Profile.print(format=:flat)


The code you posted has severe problems:

  1. Do not use global variables. For one if you don’t make sure to type all then your performance will be abysmal (here you forgot to add a type annotation for samples_per_axis). Additionally, global mutable state can lead to mistakes quickly and it almost bites you here already: every time you run accumulators = processdata(Bp, num_blocks, x_all, y_all, z_all, accumulators) it adds the data onto the existing data leading to growing memory consumption.

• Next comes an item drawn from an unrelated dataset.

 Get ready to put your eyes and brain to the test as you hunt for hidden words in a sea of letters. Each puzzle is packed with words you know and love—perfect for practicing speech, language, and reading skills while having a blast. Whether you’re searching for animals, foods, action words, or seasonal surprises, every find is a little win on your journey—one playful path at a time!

I think @profile does not run the code multiple times but if you tried benchmarking it with @btime that would cause issues.
  2. When fixing the threading you or your code assistent accidently changed the iteration bounds to start at 870: @threads :static for b in 870:num_blocks

Please clean up the code some more by passing everything via function arguments. I think it would be more natural if you did the merging in processdata instead of plothdf_volume_parallel as well.

Then try to produce some useful profiles. Maybe you need to read about Profile.jl to tweak the output such that it shows the lines the take long/allocate a lot properly: Or even better: Try to use @profview from ProfileView.jl instead of @profile and identify the parts that take most time or allocate most memory. And then come back with this detailed information and get help for optimizing these specific parts. We can’t run your code, so there is no way for us to get this information.

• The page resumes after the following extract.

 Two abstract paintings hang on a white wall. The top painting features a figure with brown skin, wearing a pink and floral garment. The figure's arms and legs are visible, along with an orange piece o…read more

Will it be better to use GPU as my code creates a lot of data? See this serial or single threaded code below for the same above data.

using GLMakie, Random, Interpolations, Colors
using HDF5, Meshes, CoordRefSystems, Unitful, Statistics

function plothdf_volume(h5file::String; samples_per_axis::Int = 6, grid_res::Int = 100)
    h5 = h5open(h5file, "r")
    num_blocks::Int32 = read(HDF5.attributes(h5), "NumMeshBlocks")
    MeshBlockSize::Vector{Int32} = read(HDF5.attributes(h5), "MeshBlockSize")
    B = read(h5["B"])
    Br, Bθ, Bϕ = @views B[:,:,:,:,1], B[:,:,:,:,2], B[:,:,:,:,3]
    Bp = @. hypot(Br, Bθ) / Bϕ
    x_all::Array{Float32, 2} = read(h5["x1f"])
    y_all::Array{Float32, 2} = read(h5["x2f"])
    z_all::Array{Float32, 2} = read(h5["x3f"])
    close(h5)

    # Create figure
    fig = Figure(size = (800, 800))
    ax = Axis3(fig[1, 1], title = "Interpolated Volume", aspect = :data, viewmode = :free)
	#ax = LScene(fig[1,1], show_axis=false)
    # Global accumulators for all blocks
    Xacc = Float32[]
    Yacc = Float32[]
    Zacc = Float32[]
    Cacc = Float32[]

    # ---- Loop through selected blocks ----
    for b in 1:num_blocks
        print("\rProcessing block $b ...")
        @views Bp_block = Bp[:, :, :, b]
        r = x_all[:, b]
        θ = y_all[:, b]
        ϕ = z_all[:, b]
        g = RectilinearGrid{𝔼, typeof(Spherical(0,0,0))}((r, θ, ϕ))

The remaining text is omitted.